*** Opening of Data provided ***

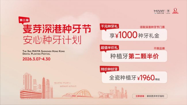 3月7日—4月30日,第三届麦芽深港种牙节,邀您共赴一场安心舒适的种牙之旅。立即预约,锁定千元种牙礼金,开启安心种牙之路!
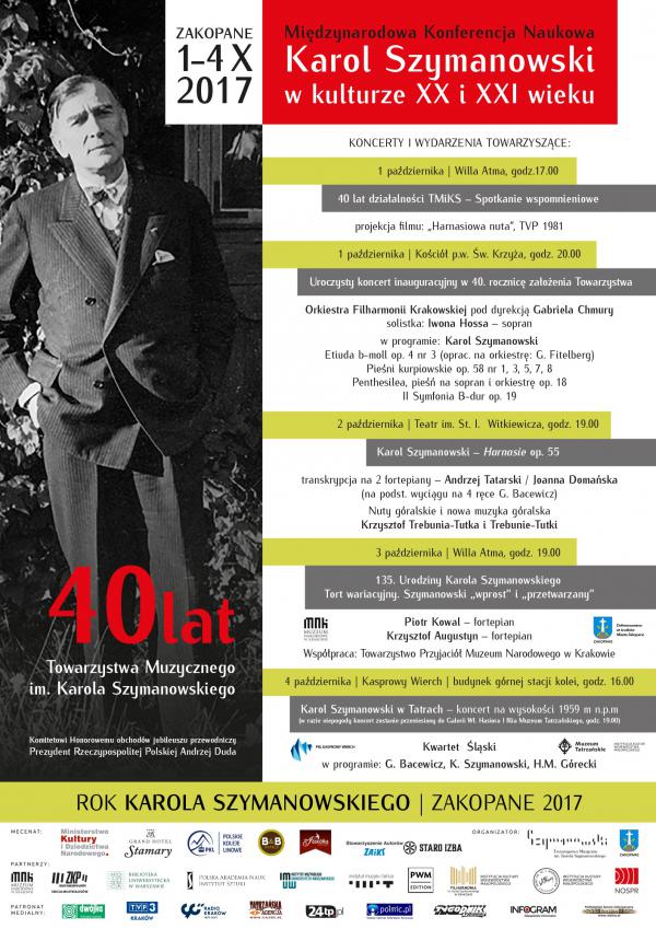 Koncert Filharmonii Krakowskiej w 40. rocznicę założenia Towarzystwa inauguruje jednocześnie Międzynarodową Konferencję Naukową „Karol Szymanowski w kulturze XX i XXI wieku” (szczegóły tutaj).
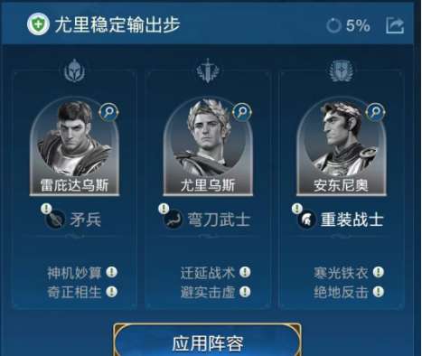 技能搭配上,安东尼奥携带“寒光铁衣”“绝地反击”,尤里乌斯带“迁延战术”“避实击虚”,雷庇达乌斯带“神机妙算”“奇正相生”。

*** Close of Data provided ***

Exercise aim: Before copying the material, set its pictures aside; then transcribe it word for word.

Answer section:
 3月7日—4月30日,第三届麦芽深港种牙节,邀您共赴一场安心舒适的种牙之旅。立即预约,锁定千元种牙礼金,开启安心种牙之路!
 Koncert Filharmonii Krakowskiej w 40. rocznicę założenia Towarzystwa inauguruje jednocześnie Międzynarodową Konferencję Naukową „Karol Szymanowski w kulturze XX i XXI wieku” (szczegóły tutaj).
 技能搭配上,安东尼奥携带“寒光铁衣”“绝地反击”,尤里乌斯带“迁延战术”“避实击虚”,雷庇达乌斯带“神机妙算”“奇正相生”。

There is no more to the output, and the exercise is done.